Ces extraits très courts apportent d’une part, des aérations musicales sans chantpoèmes dans le rythme du film et d’autre part, démontrent l’osmose qui s’établit à Fès entre un artiste et le public grâce à la justesse et la sincérité de son discours musical. En ce sens, Faouzi Skali soulignait lors de l’avant-première que «cet improbable était parfaitement réussi dans ce film car Fès possède cette magie qui le provoque et peut tout réunir dans l’harmonie». «Fès ma belle, ma délicieuse» est un film à écouter !

«Ô toi Maâlem, le Maître artisan

Toi qui de ton couteau, de ton ciseau,

Toi, qui de ton marteau, de ton pinceau,

Toi, qui de ton poinçon comme de ton pointeau

Toi qui, de ton silence, dis : «Je suis la main de Dieu»

Je suis la main qui donne la beauté sans imiter le réel,

étincelle de la vérité sans laquelle il n’y a pas d’art».

(Extrait du chant poème n°10 • Maîtres artisans…)

Des projets en cours?

Oui, beaucoup: des conférences-projections, l’édition prochaine d’un livre de ces chantpoèmes par le Maître enlumineur Jean-Luc Leguay qui pour la première fois enluminera des textes d’un auteur vivant… etc.

Mais déjà, dans l’immédiat, j’aimerais que Fès, comme le Maroc, s’approprie pleinement mon film et surtout le livre du même nom, dont il est extrait, qui mériterait d’être réédité pour le plus grand nombre et lui donnerait la place qu’il n’a pas encore !

Hassan II disait : «Les batailles de la vie ne sont pas gagnées par les plus forts, ni par les plus rapides, mais par ceux qui n’abandonnent jamais». Alors inch Allah !

 «Verse-moi du vin dans ta coupe

Laisse-moi y tremper mes lèvres, y sentir l’essence des sens

Oui, verse-moi une larme

et que l’ivresse m’envahisse les papilles

Toi l’échanson fassi, verse l’eau dans le calice de ma main

que mon visage et mon cœur se rafraîchissent

Éteins le feu de l’Enfer, arrose les fleurs du Paradis

et enchante le monde».

(Extrait du chantpoème n°6 • L’eau, l’or de la vie)

 

Faouzi Skali salue ce film

«Au fil de ce parcours poétique à travers la médina de Fès, Jean-Claude Cintas, par sa poésie, dans ce film tellement réussi, arrive à révéler cette âme de Fès, cet Esprit de Fès qui en devient vivant. On est au-delà du parcours classique, habituel, mais dans un parcours poétique où les mots deviennent mûrs, deviennent hauts, deviennent fontaine et où se cache une espèce de lien de complicité, qui se crée entre le chant poète et Fès, et qui fonctionne. Cette source d’inspiration me fait penser à ce que disaient les taoïstes et que l’on retrouve chez les soufis «le visible est là pour révéler l’invisible». Dans ce film, à travers ce parcours, la parole poétique révèle ce qui est de l’ordre du mystère, de l’indicible à Fès. Ici, cela fonctionne et donne une dimension magique aux choses.
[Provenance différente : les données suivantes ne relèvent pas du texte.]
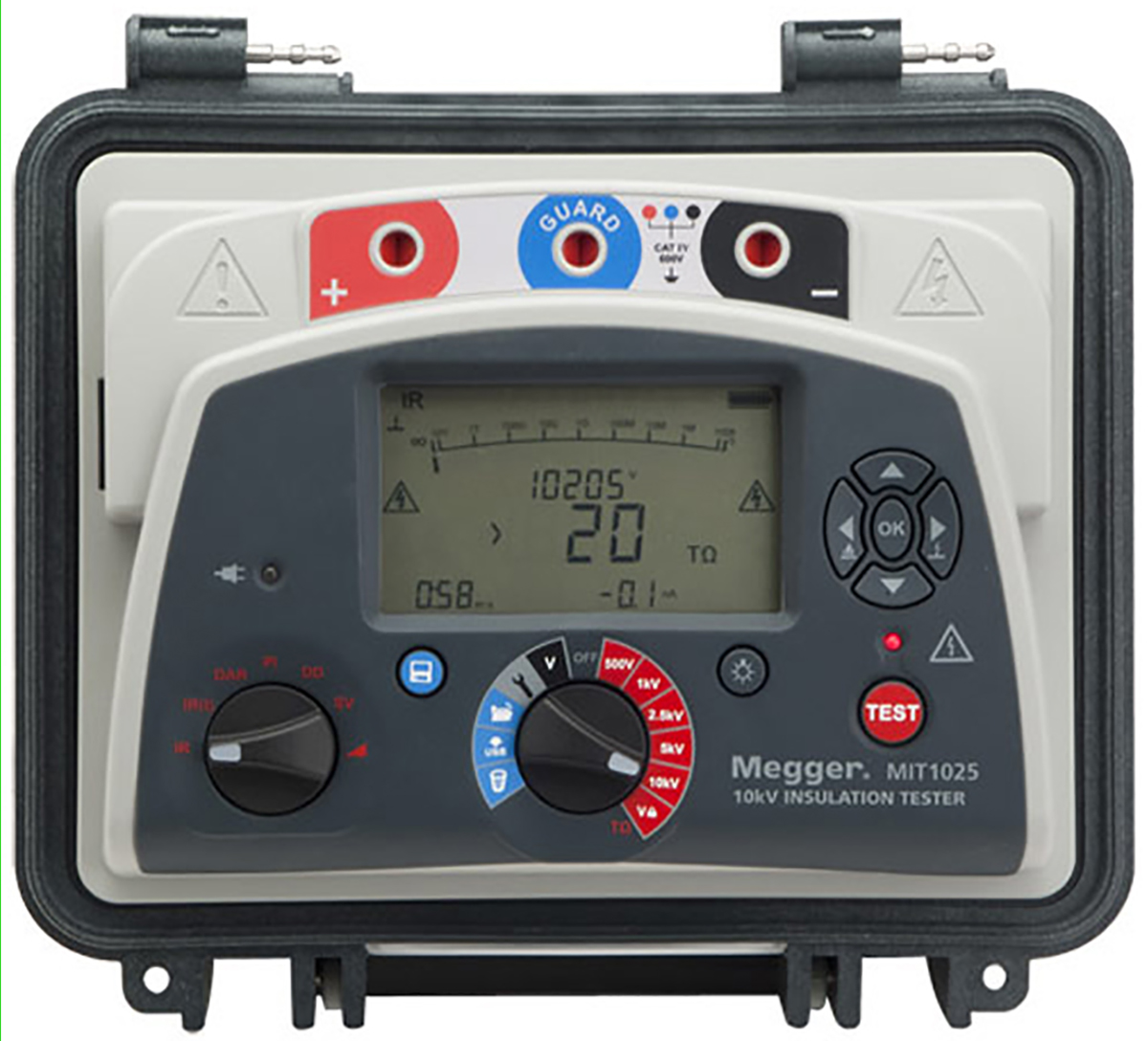 This is Insulation Tester 10000V 20TΩ CAT IV manufactured by Megger. The manufacturer part number is MIT1025. The given dimensions of the product include 315 x 285 x 181mm. Moreover, the product gets power from battery, mains. Furthermore, the product is 285mm wide. Its battery life is about 4.5 h . It has a maximum 10000v test voltage . In addition, it has 6ma test current. It has a minimum 500v test voltage . While it has mit1025 of model number. It has a maximum 20tω insulation resistance measurement . This li-ion battery is comparatively much efficient than common batteries. It has a maximum operating temperature of +50°c. Additionally, it includes a/an insulation tester type tester . Moreover, its safety category level is cat iv . Its accurate length is 315mm. It features a remarkable lcd display. The typical product's weight is 4.5kg. Its safety category voltage is 600v . The plug is a highly reliable type c - european plug, type g - british 3-pin with long service life. In addition, the height is 181mm. It provides robust safety and is complied with cat iv 600v safety category. Whereas, the minimum operating temperature of the product is -20°c.
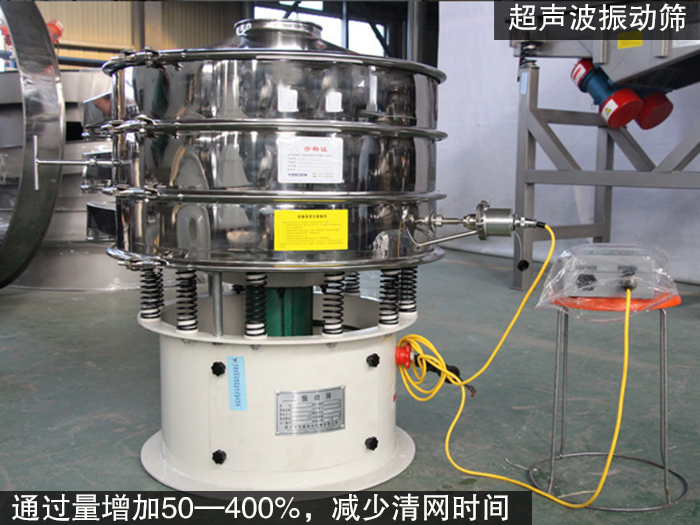 超聲波振動篩電源產(chǎn)生的高頻電通過換能器轉(zhuǎn)換成高頻正弦形式的縱向振蕩波,這些振蕩波傳到共振器上產(chǎn)生共振,然后由共振器將振動均勻傳輸至篩面。篩面在做低頻三次元振動篩的同時,疊加上超聲波振動,能夠有效的解決因團聚、靜電、強吸附性卡堵網(wǎng)孔等篩分難題,不僅可提高篩分產(chǎn)量,還可提高了精度。
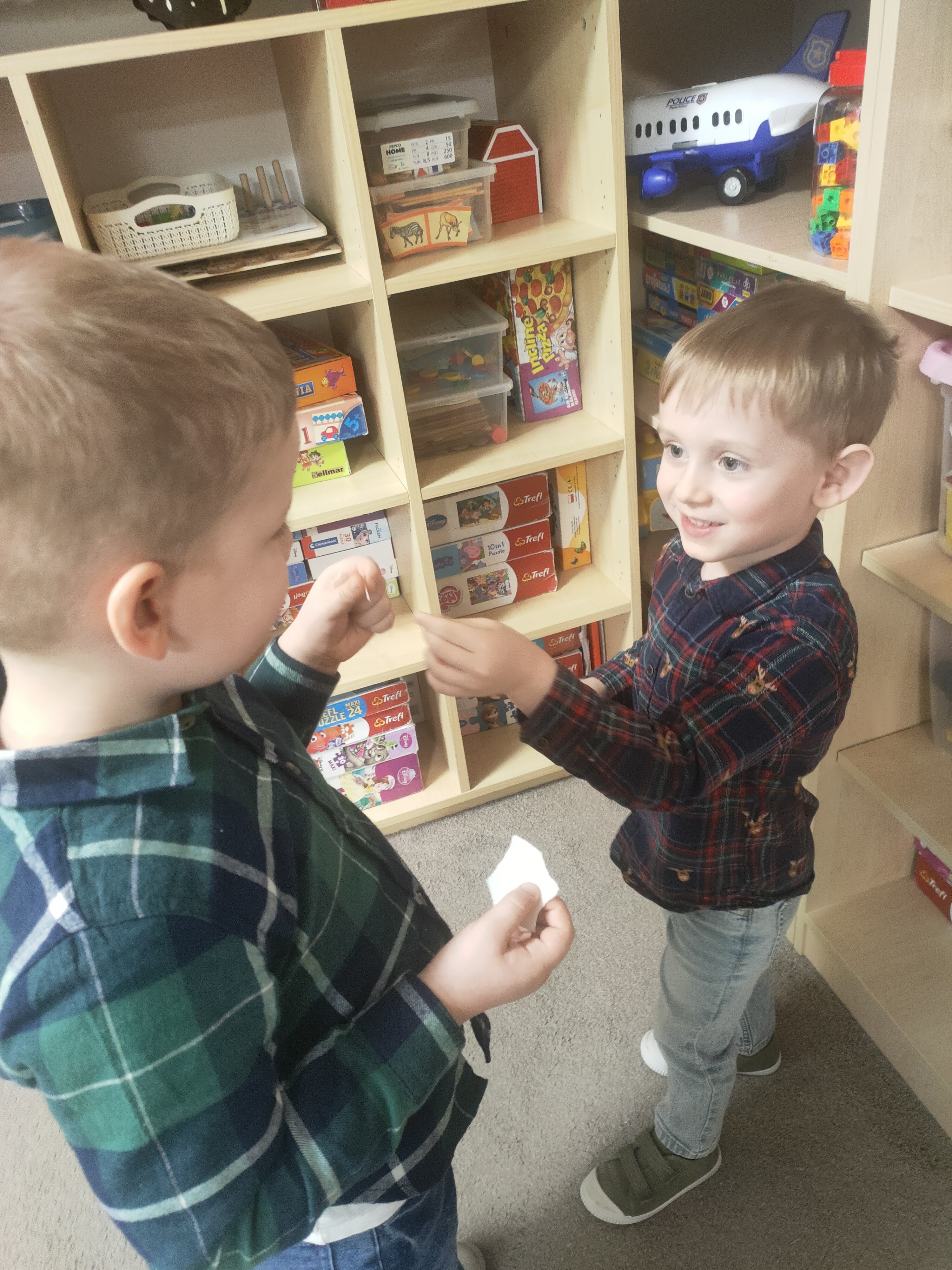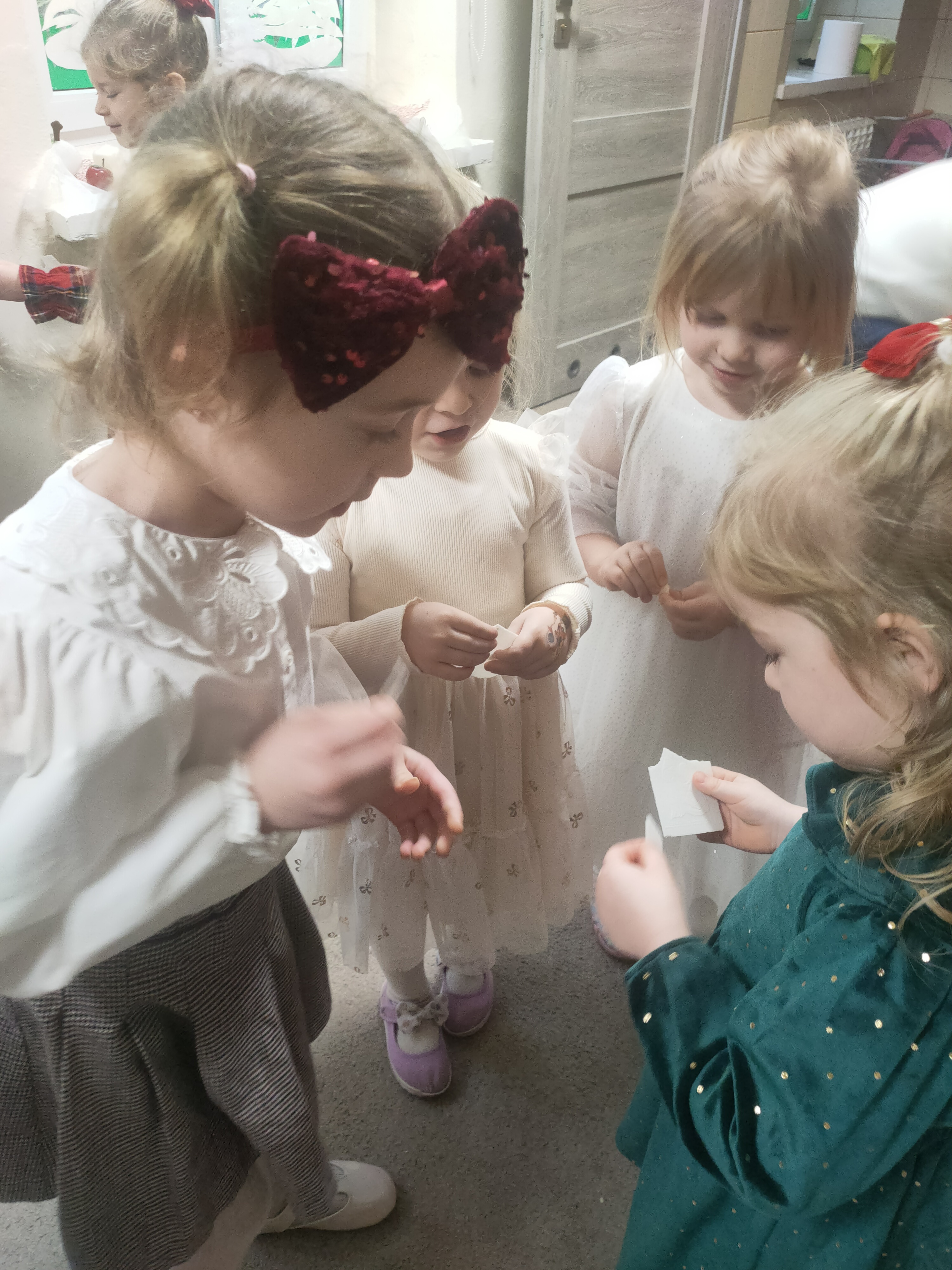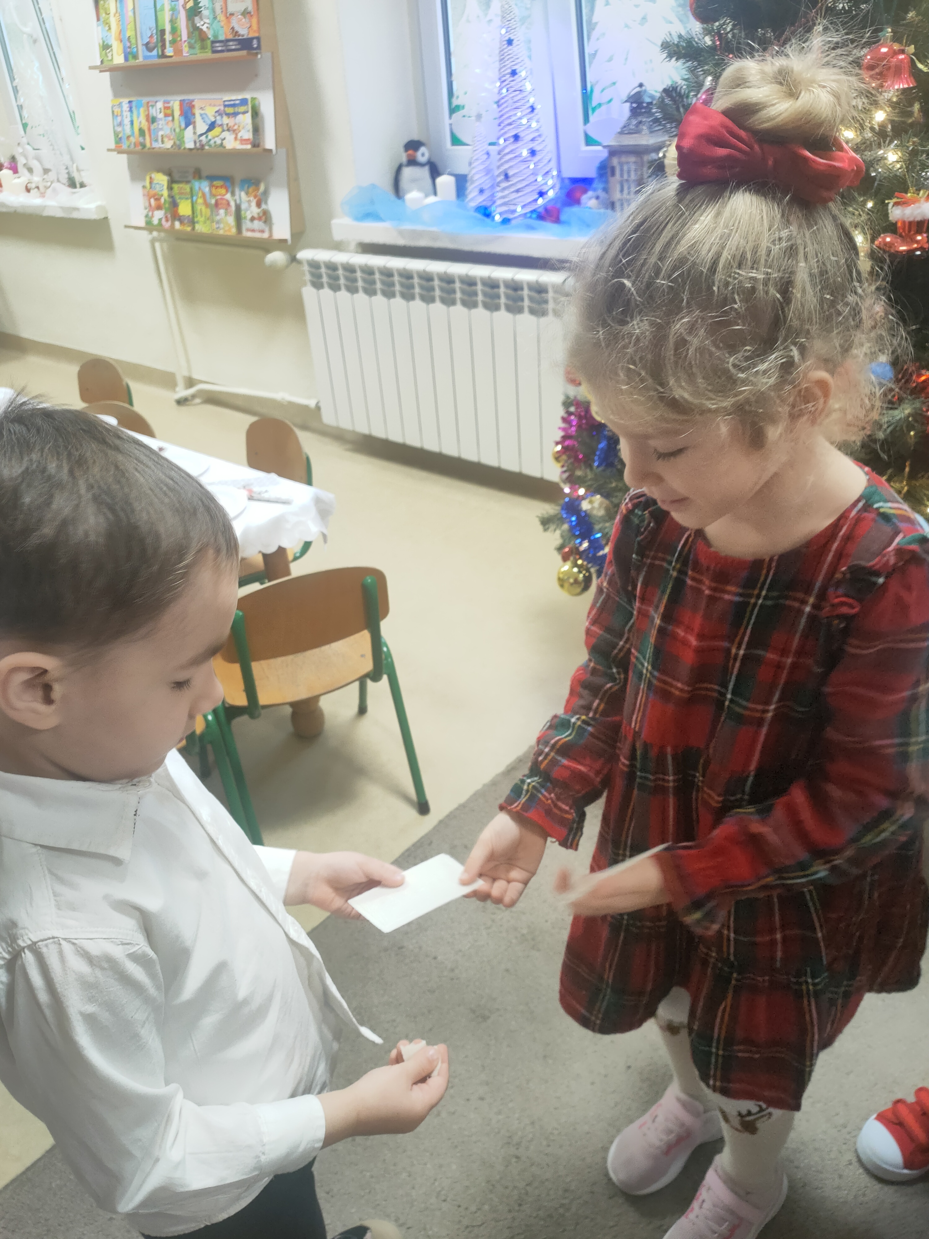Dziś dzieci z grupy Pszczółki świętowały swoją przedszkolną Wigilię. W tym wyjątkowym dniu nie zabrakło wizyty Świętego Mikołaja, który obdarował dzieci drobnymi upominkami, wywołując wiele radości i uśmiechów.
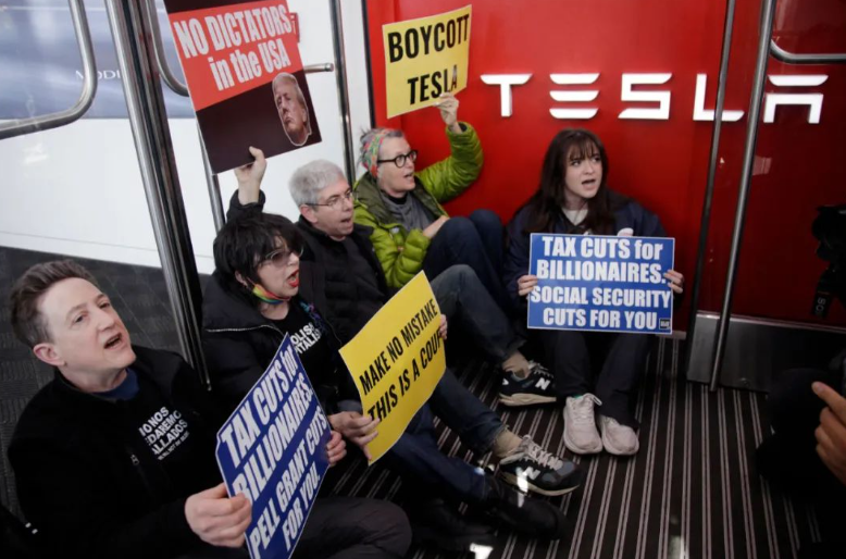 抗议马斯克“干政”,全美多地爆发抵制特斯拉示威活动。

Zhuangzi (disciple de Lao Tseu) disait : «Je dormais, je rêvais que j’étais un papillon puis je me suis réveillé. Je ne savais plus si c’est moi qui ai rêvé que j’étais papillon, ou si c’est un papillon qui a rêvé qu’il était moi. » Cette parabole peut s’appliquer à ce film. Le poète rêve ici de Fès, il donne son incantation de Fès et à un moment, il y a un dialogue qui se fait dans la profondeur et on se demande qui rêve de l’autre. Est-ce que c’est Fès qui rêve ou le poète qui nous transmet un rêve dans lequel il est acteur ou est-ce l’inverse ? D’ailleurs, il l’écrit à un moment donné : «Ce n’est pas moi qui parle, c’est Fès qui m’habite». Il se passe quelque chose qui se fait au niveau de la communication des âmes. Ça, il n’y a que cette approche poétique qui puisse permettre de le réaliser. C’est une approche qui n’est pas gagnée d’avance mais que ce film réussit très bien».

Faouzi Skali : Ecrivain, Docteur en anthropologie, ethnologie et sciences des religions, Fondateur du Festival de Fès de Culture Soufie et du Festival de Fès des Musiques Sacrées du Monde.